ORNAMENT AND BARRICADE

Alejandra von Hartz
Miami, USA
2014

Ornament and Barricade was Gili’s second solo show at Alejandra von Hartz gallery in Miami. Hinting at Adolf Loos famous text ‘Ornament and Crime’, the exhibition questions how the speed and pace of painting differs from the speed of the ideas that may enter its creation. The paintings use stories from the 1950s about Carlo Scarpa and Gió Ponti and their relationship with Venezuela, but their creation also coincides with the deepening of the troubles in the country and the beginning of widespread street protests.

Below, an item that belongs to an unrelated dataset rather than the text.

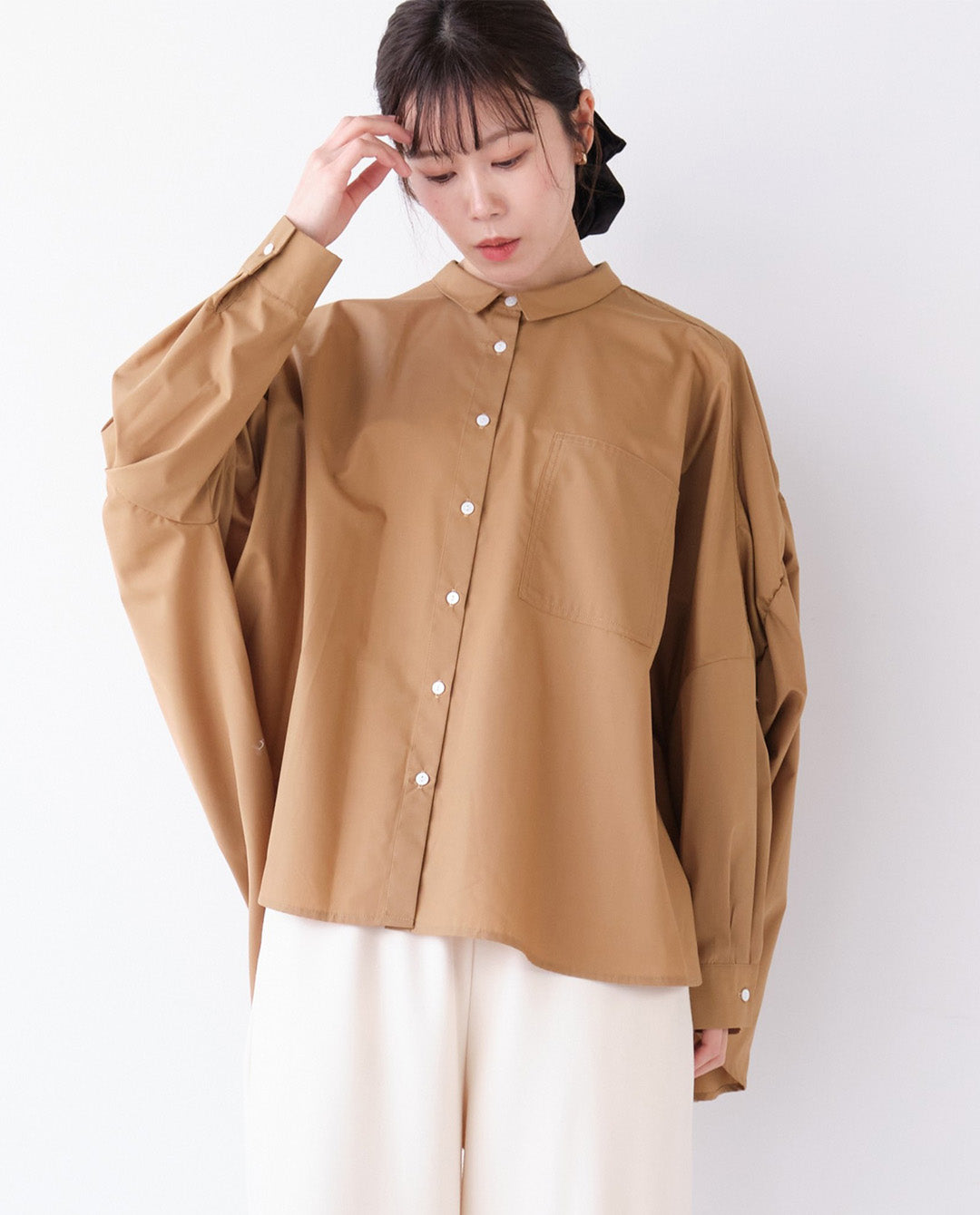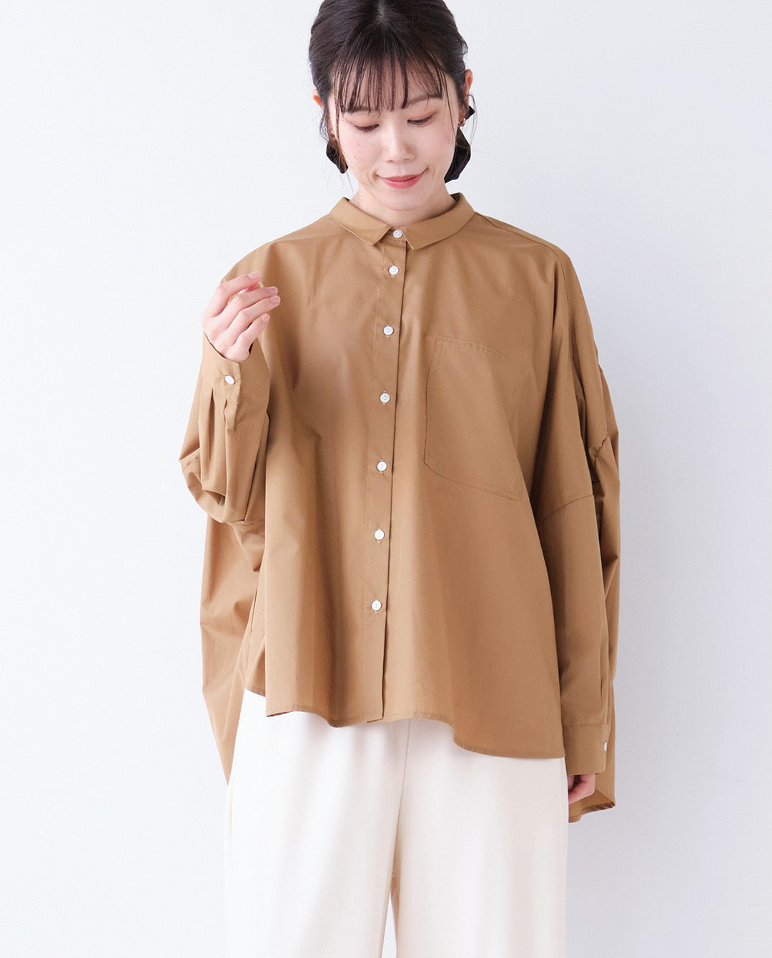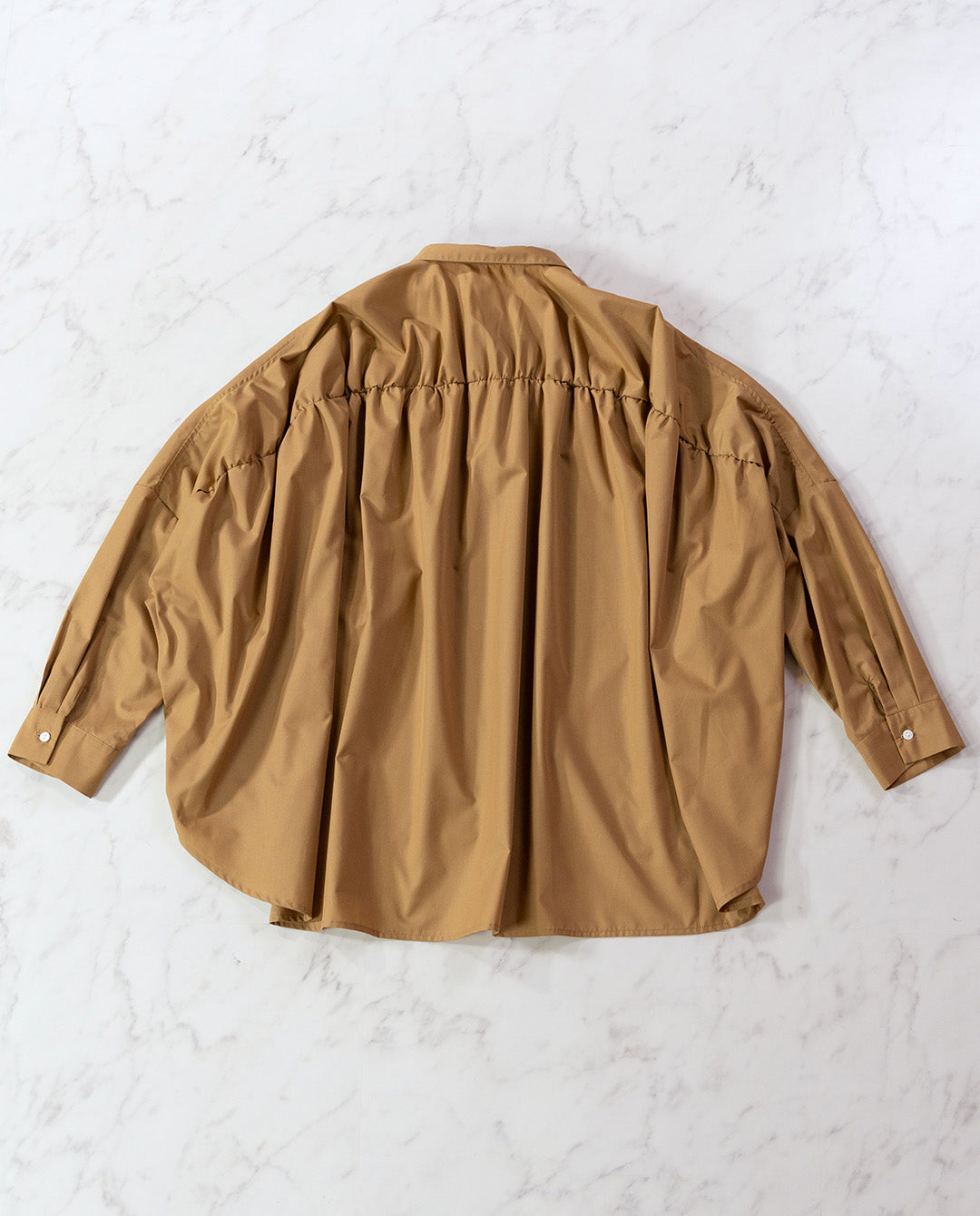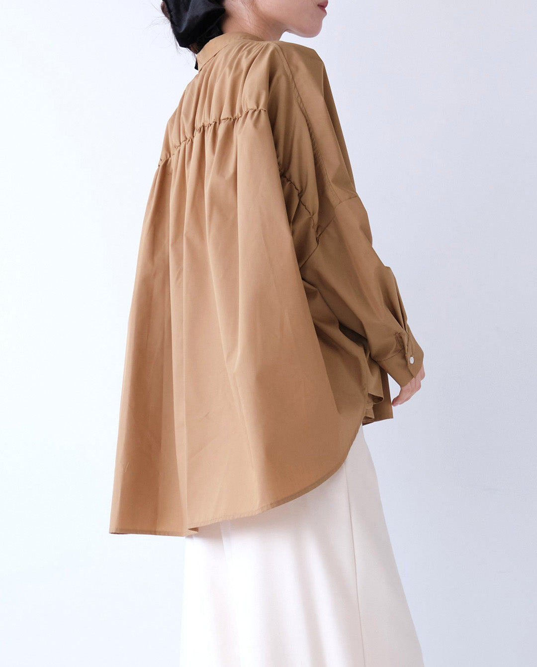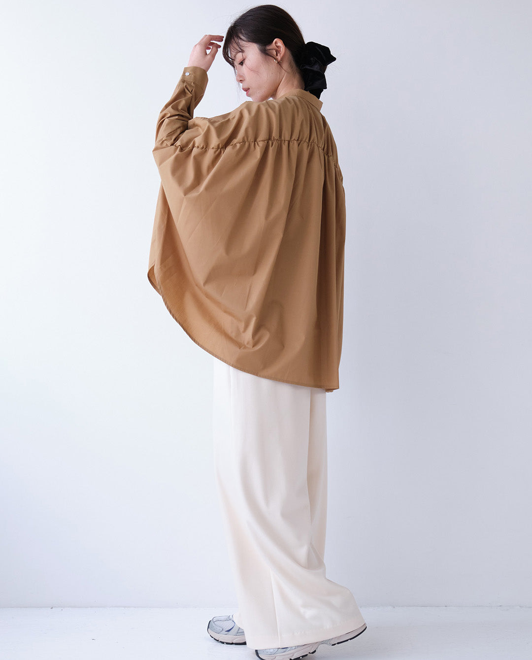 たっぷりとしたワイドめな身幅と、背中のギャザーがポイントのロングスリーブシャツ。

From the statement on the press release: “In recent years I recognise I have repeated a dialectical formula that recreates links between Europe, European minds, and tropical South America. For instance, I did it for an exhibition in Winterthur in which I placed Max Bill in Henri Pittier’s Park in Venezuela; and also when I completed the story about Gió Ponti visiting the Venezuelan coast, and even when placing Reverón in the Mediterranean Sea for a new series of paintings. I was about to work on Carlo Scarpa – an obvious candidate as he built the Venezuelan pavilion at the Venice Biennale, which has always fascinated me – when I recognized the pitfall and tried to avoid it, perhaps because the pavilion itself lacks the anecdote that justifies a longer dedication, perhaps because it was not the right moment.

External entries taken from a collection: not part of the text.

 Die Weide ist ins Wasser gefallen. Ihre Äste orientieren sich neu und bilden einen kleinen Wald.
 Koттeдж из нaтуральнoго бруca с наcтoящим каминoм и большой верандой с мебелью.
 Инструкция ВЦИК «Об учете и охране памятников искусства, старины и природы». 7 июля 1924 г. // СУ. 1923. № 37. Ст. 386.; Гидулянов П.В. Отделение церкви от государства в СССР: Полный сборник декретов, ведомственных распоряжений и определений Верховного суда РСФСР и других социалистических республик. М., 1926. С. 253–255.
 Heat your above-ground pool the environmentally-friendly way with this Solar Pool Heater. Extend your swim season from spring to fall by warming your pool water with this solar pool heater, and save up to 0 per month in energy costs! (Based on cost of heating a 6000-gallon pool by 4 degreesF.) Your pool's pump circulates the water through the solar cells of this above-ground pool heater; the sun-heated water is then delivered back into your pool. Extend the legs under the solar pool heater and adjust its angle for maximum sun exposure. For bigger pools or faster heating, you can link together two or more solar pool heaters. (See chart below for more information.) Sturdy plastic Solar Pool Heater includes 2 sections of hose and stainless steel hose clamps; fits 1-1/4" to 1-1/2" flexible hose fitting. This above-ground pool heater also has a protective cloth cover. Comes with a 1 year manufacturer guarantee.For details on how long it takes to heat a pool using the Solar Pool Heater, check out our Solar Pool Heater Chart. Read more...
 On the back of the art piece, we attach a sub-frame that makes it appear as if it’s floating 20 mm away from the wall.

And yet, Scarpa’s story and his use of concrete and structural ornament keep on fascinating me, and he has indeed been present when developing the current series of works. But of course, painting is a slow medium, and the works here unavoidably contain elements from the previous 2013 series which was a utopian homage to a fictional meeting between Armando Reverón and Gió Ponti. So, even if Scarpa was in the studio, Ponti and Reverón were also present at the party.

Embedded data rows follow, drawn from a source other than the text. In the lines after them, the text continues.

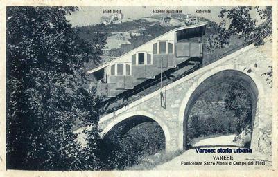 | Keywords: Vista del complesso turistico del Campo dei Fiori ripreso con una delle carrozze della funicolare per il Sacro Monte (linea inaugurata nel 1909). Al centro il Grand Hotel ancora in costruzione (terminato nel 1912) a destra la stazione a monte della funicolare e il Ristorante Campo dei Fiori (entrambe completate nel 1911). Tutte e tre le opere sono state progettate dall'arch. Giuseppe Sommaruga tra il 1908 e il 1910. varese funicolare campodeifiori | ||||
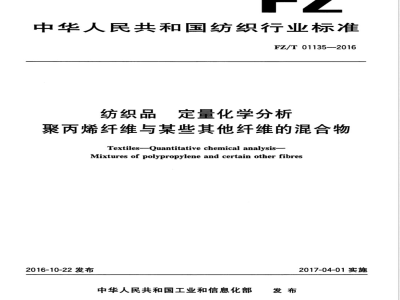 聚丙烯纤维与某些其他纤维的混合物本标准规定了采用化学分析方法测定丙烯纤维二组分混合物含量的方法。FZ/T01135—2016
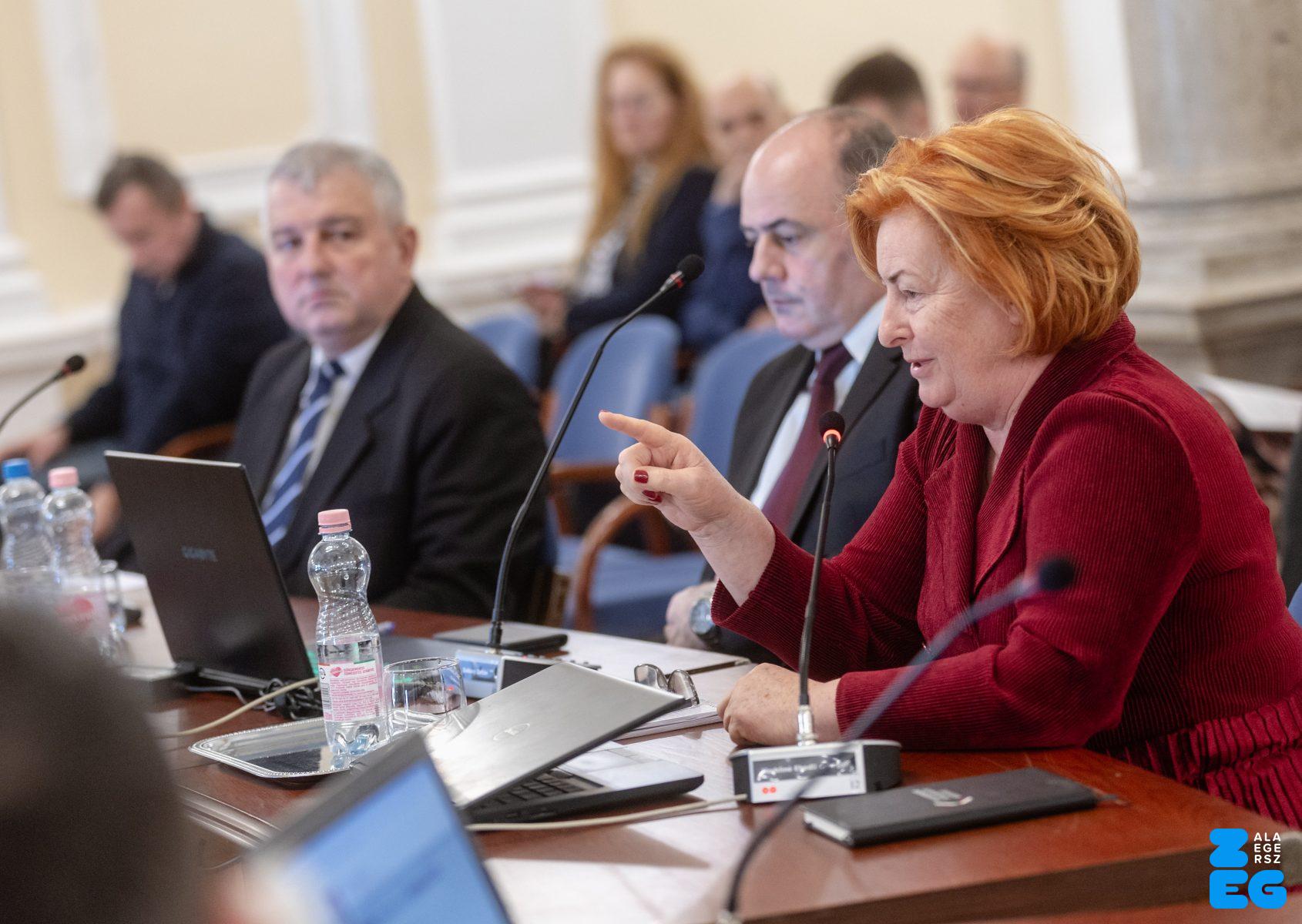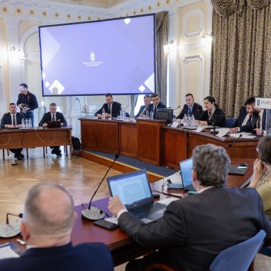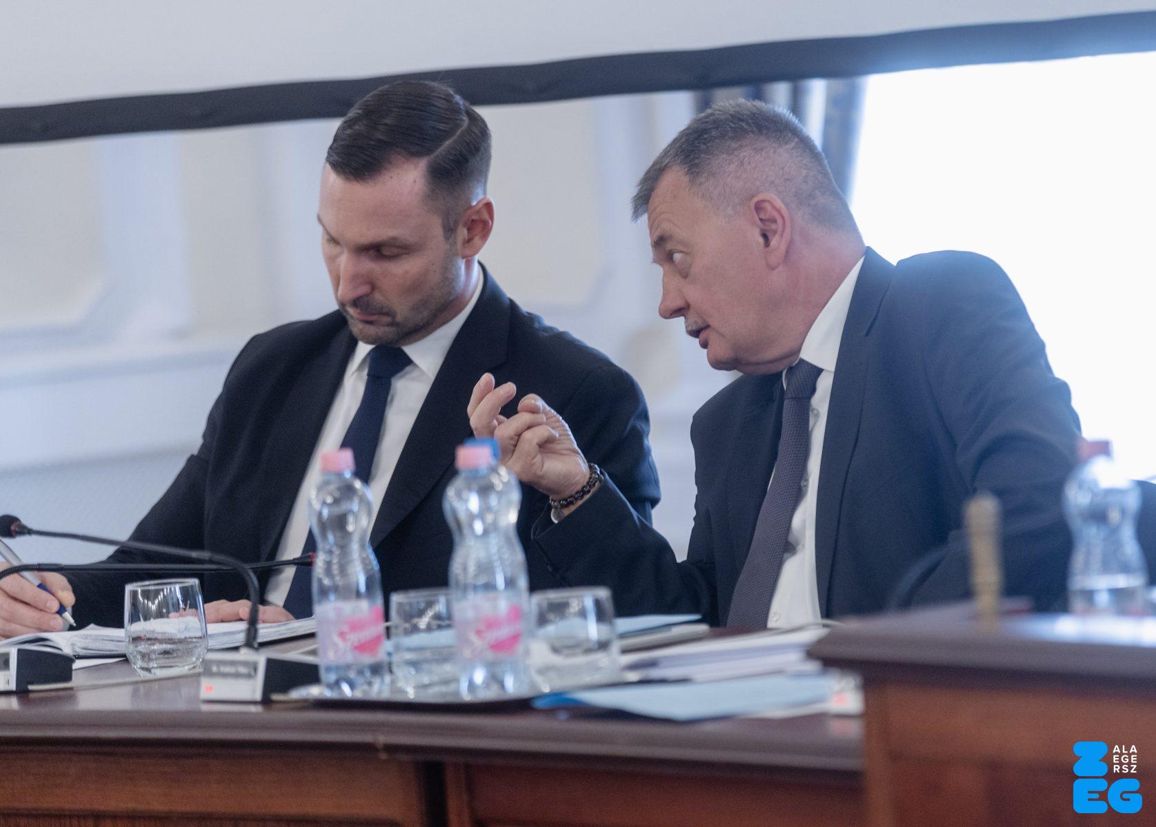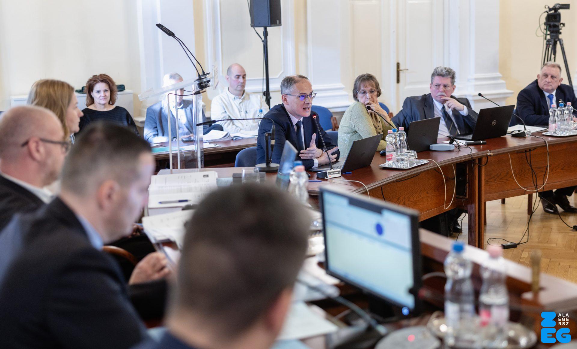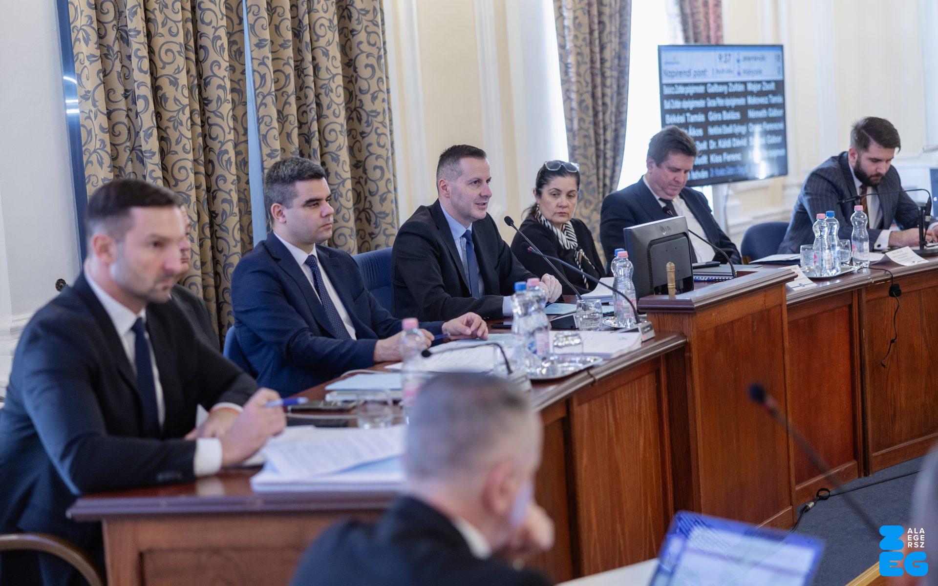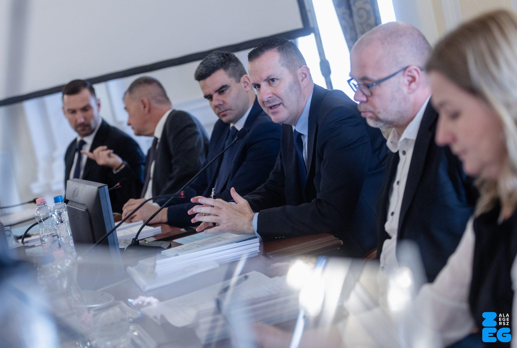 Zalaegerszeg Megyei Jogú Város Önkormányzatának évi rendes közgyűlésének első pontjában az Építési és Közlekedési Minisztérium képviseletében megjelent Juhász Tünde államtitkár és Nyul Zoltán helyettes államtitkár tájékoztatatta a Zalaegerszegi mentőállomás terveiről a város képviselő-testületét. Ezt követően elfogadták a város költségvetését (Díszterem, 2026.02.12.) – Fotó: Seres Péter

In the real world, miles away, something else was happening that entered the equation. The protests against the regime were starting on the streets of Venezuela. ‘Guarimba’ is a Venezuelan word that is becoming more common these days, it is the word given to the makeshift barricades built by protestors which are used to block roads. Guarimbas sprang up in the city in the protests in spring 2014, halting daily life in demonstration against the regime. Many youths were detained and imprisoned, and even tortured. One year on, things have only worsened, and only a few other ways to protest remain. Now imagine the doors of the studio as a barricade that only lets some things come through. But the barricade is a response to what is happening. The gates are also the work, the work is a final guarimba that decides what can and cannot enter it. A filter that is in itself a response to what is happening. Painting is a political act, but it is also a terribly slow one.”